Columbus Dispatch Utica Shale "play" map

Columbus Dispatch Utica Shale “play” map

Fast forward to the first quarter of 2015 and we have a very healthy dataset to begin to model and validate/refute these projections. Back in 2009 Wickstrom & Co. only had 53 Utica Shale laterals, while today Ohio is host to 962 laterals from which to draw our conclusions. The preponderance of producing wells are operated by Chesapeake (463), Gulfport (118), Antero Resources (62), Eclipse Resources (41), American Energy Utica (36), Consol (35), and R.E. Gas Development (34), with an additional 13 LLCs and 10 publicly traded companies accounting for the remaining 173 producing laterals. A further difference between the following analysis and the OGS one is that we looked at total production and how much oil and gas was produced on a per-day basis.

Analysis

Using an interpolative geostatistical technique known as Empirical Bayesian Kriging and the 962 lateral dataset, we modeled total and per day oil, gas, and brine production for Ohio’s Utica Shale between 2011 and Q1-2015 to determine if the aforementioned map redrawing holds up, is out-of-date, and/or is overly optimistic as is generally the case with initial O&G “moving target” projections.

Days of Activity & Brine Production

The most active regions of the Utica Shale for well pad activity has been much of Muskingum County and its border with Guernsey and Noble counties; laterals are in production every 1 in 2.1-3.4 days. Conversely, the least active wells have been drilled along the Harrison-Belmont border and the intersection between Harrison, Tuscarawas, and Guernsey counties.

Brine is a form of liquid drilling waste characterized by high salt loads and total dissolved solids. The laterals that have produced the most brine to date are located in a large section of Monroe County and at the intersection of Belmont, Monroe, and Noble counties, with total brine production amounting to 23,292 barrels or 734,000-978,000 gallons (Fig. 1).

Total Ohio Utica Shale Production Days 2011 to Q1-2015

Total Ohio Utica Shale Oil Production 2011 to Q1-2015

Total Ohio Utica Shale Gas Production 2011 to Q1-2015

Total Ohio Utica Shale Brine Production 2011 to Q1-2015

Figure 1. Total Ohio Utica Shale Oil, Gas, and Brine Production 2011 to Q1-2015

This area is also one of the top three regions of the state with respect to Class II Injection volumes; the other two high-brine production regions are Morrow and Portage counties to the west and southwest, respectively (Fig. 2).
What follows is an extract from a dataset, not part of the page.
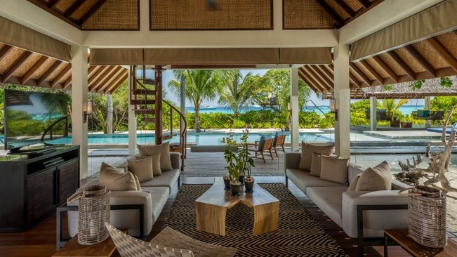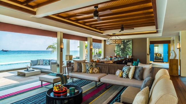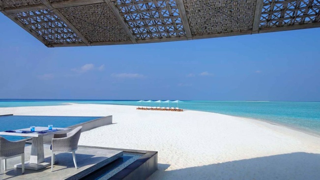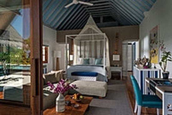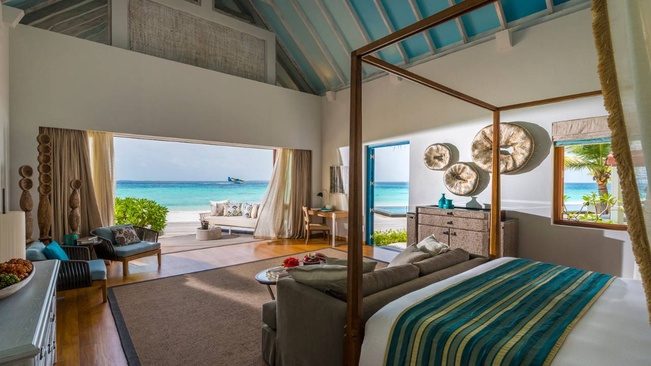 Бирюзовые двери ведут в традиционную мальдивскую виллу с коралловыми стенами. Просторные Beach Villa with Pool имеют спальню, гостиную зону, гардеробную и роскошную ванную с душем под открытым небом. Особенностью этой категории вилл является большой 12-метровый бассейн, прилегающий к оригинальной гостиной с песчаным полом и обеденной зоне. С отдельной террасы на возвышении, где установлены лежаки, открываются шикарные виды океана. В открытом пространстве виллы установлены также традиционные мальдивские качели и кушетки для отдыха. К отгороженному тропической растительностью пляжу, находящемуся всего в нескольких шагах, ведет тенистая дорожка.

Layout & Volume (2010 to Q1-2015, Gallons) of Ohio’s Active Class II Injection Wells

Figure 2. Layout & Volume (2010 to Q1-2015, Gallons) of Ohio’s Active Class II Injection Wells

However, on a per-day basis we are seeing quite a few inefficient laterals across the state, including Devon Energy’s Eichelberger and Richman Farms laterals in Ashland and Medina counties. Ashland and Medina are producing 230-270 barrels (8,453-9,923 gallons) of brine per day. In Carroll County, one of Chesapeake’s Trushell laterals tops the list for brine production at 1,843 barrels (67,730 gallons) per day. One of Gulfport’s Bolton laterals in Belmont County and EdgeMarc’s Merlin 10PPH in Washington County are generating 1,100-1,200 barrels (40,425-44,100 gallons) of brine per day.

Oil & Gas Production

Since the last time we modeled production the oil hotspots have shrunk. They have also become more discrete and migrated southward – all of this in contrast to the model proposed by the OGS in 2012. The areas of greatest productivity (i.e., >26,000 barrels of oil) are not the central part of the state, but rather Tuscarawas, Harrison, Guernsey, and Noble counties (Fig. 1). The intersection of Harrison, Tuscarawas, and Guernsey counties is where oil productivity per-day is highest – in the range of 300-630+ barrels (Fig. 3). The areas that the OGS proposed had the highest oil potential have produced <600 barrels total or <12 barrels per day.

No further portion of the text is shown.